Akita mice exhibited elevated systolic blood pressure as compared with Ctrl mice, which was significantly higher in Akita Hnrnpf^RT KO mice than Akita mice. Compared with Akita mice, Akita Hnrnpf^RT KO mice had lower blood glucose levels with increased urinary glucose excretion. Akita mice developed kidney hypertrophy, glomerular hyperfiltration (increased glomerular filtration rate), glomerulomegaly, mesangial expansion, podocyte foot process effacement, thickened glomerular basement membranes, renal interstitial fibrosis and increased albuminuria. These abnormalities were attenuated in Akita Hnrnpf^RT KO mice. Treatment of Akita Hnrnpf^RT KO mice with a selective A1 adenosine receptor inhibitor resulted in an increase in glomerular filtration rate. Renal Agt expression was elevated in Akita mice and further increased in Akita Hnrnpf^RT KO mice. In contrast, Sglt2 expression was increased in Akita and decreased in Akita Hnrnpf^RT KO mice.
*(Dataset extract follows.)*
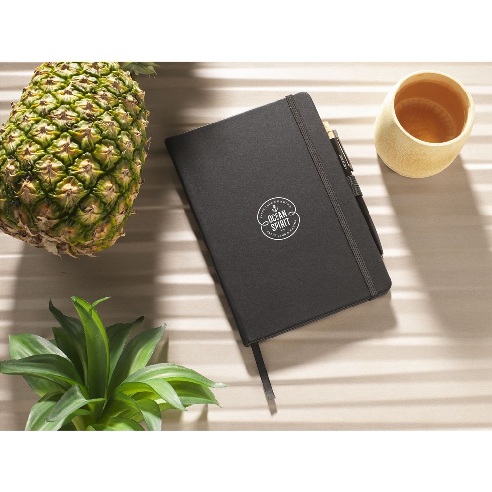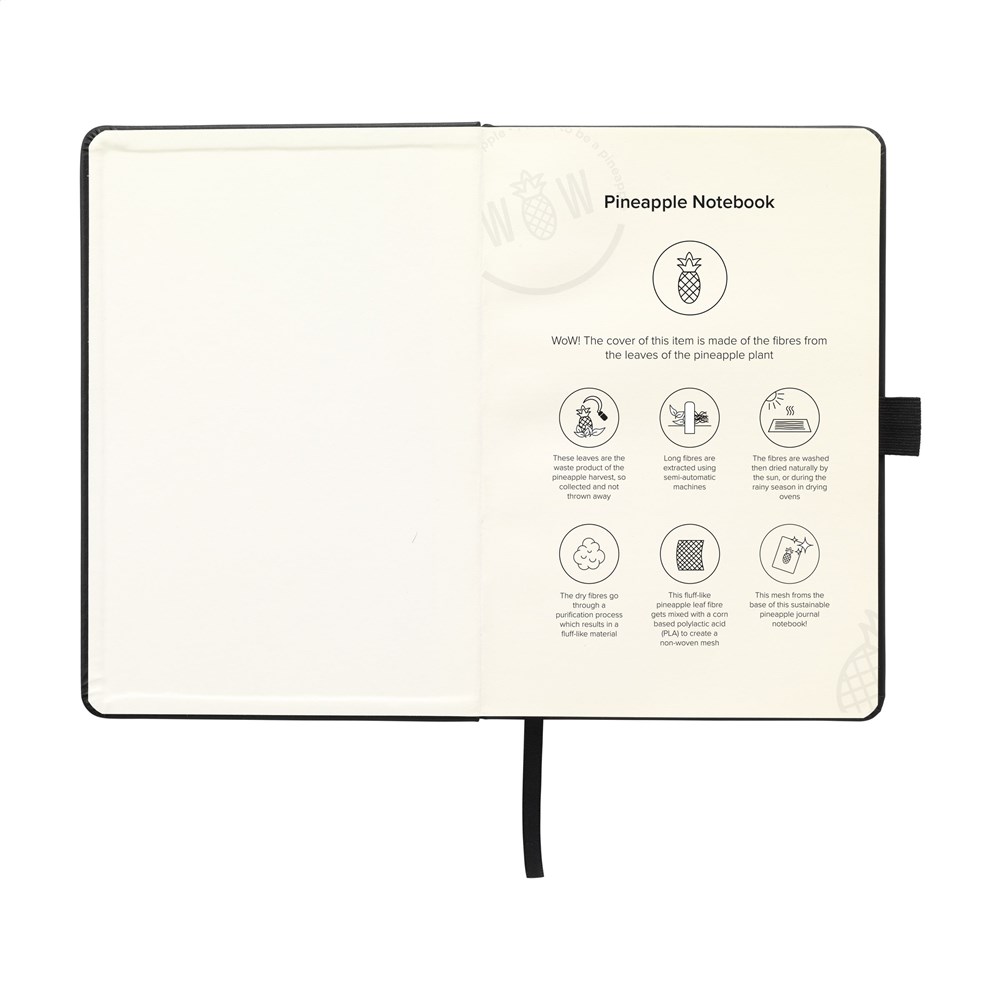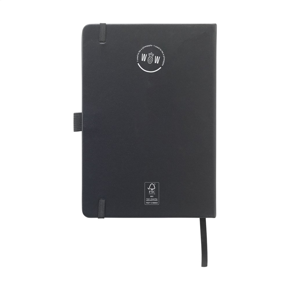 A5 notebook with a hard cover made from pineapple imitation leather. This material is made with 30% recycled pineapple components. This notebook has approx. 80 sheets/160 pages of white, lined FSC Mix certified paper (80 g/m²) and is equipped with an elastic closure, a bound spine, pen loop and reading ribbon. The vegan imitation leather is virtually indistinguishable from real leather. However, the material is made from pineapple leaves, a residual product from pineapple cultivation. For this reason, no additional substances are needed, such as water, fertilizer or pesticides for its production. The fibers of the pineapple leaves are washed, enriched with PU and dried in the oven. The result? Supple sheets of vegan imitation leather, which are then provided with a beautiful finish. After drying, a soft and attractive material with the properties of leather is created. It consists partly of fruit remains and partly of PU.

Conclusions/interpretation

The renoprotective effect of Sglt2 downregulation overcomes the renal injurious effect of Agt when these opposing factors coexist under diabetic conditions, at least partly via the activation of tubuloglomerular feedback.

Graphical abstract

中文翻译：

在糖尿病小鼠模型中，肾小管中异质核核糖核蛋白 F 的缺失下调 SGLT2 表达并减轻超滤和肾损伤

目标/假设

我们之前报道了异质核核糖核蛋白 F ( Hnrnpf )的肾小管特异性缺失导致Hnrnpf ^RT敲除 (KO) 小鼠中肾血管紧张素原 ( Agt ) 的上调和钠-葡萄糖协同转运蛋白 2 ( Sglt2 ) 的下调。非糖尿病Hnrnpf ^RT KO 小鼠出现高血压、肾间质纤维化和糖尿，而下调的 Sglt2表达没有肾脏保护作用。在这里，我们研究了肾小管Hnrnpf缺失对秋田小鼠（一种 1 型糖尿病模型）的超滤和肾损伤的影响。

方法

Akita Hnrnpf ^RT KO 小鼠是通过在 C57BL/6 背景上将小管特异性 (Pax8) -Cre小鼠与 Akita floxed - Hnrnpf小鼠杂交产生的。研究了雄性非糖尿病对照 (Ctrl)、Akita 和 Akita Hnrnpf ^RT KO 小鼠直至 24 周龄 ( n = 8/组)。

结果

与 Ctrl 小鼠相比，Akita 小鼠的收缩压升高，Akita Hnrnpf ^RT KO 小鼠的收缩压明显高于 Akita 小鼠。与 Akita 小鼠相比，Akita Hnrnpf ^RT KO 小鼠的血糖水平较低，尿糖排泄增加。秋田小鼠出现肾脏肥大、肾小球高滤过（肾小球滤过率增加）、肾小球肿大、系膜扩张、足细胞足突消失、肾小球基底膜增厚、肾间质纤维化和蛋白尿增加。这些异常在秋田Hnrnpf ^RT KO 小鼠中减弱。秋田Hnrnpf ^RT的治疗具有选择性 A1 腺苷受体抑制剂的 KO 小鼠导致肾小球滤过率增加。在 Akita 小鼠中肾Agt表达升高，在 Akita Hnrnpf ^RT KO 小鼠中进一步增加。相比之下，Sglt2表达在 Akita Hnrnpf RT KO 小鼠中增加，而在 Akita Hnrnpf ^RT KO 小鼠中减少。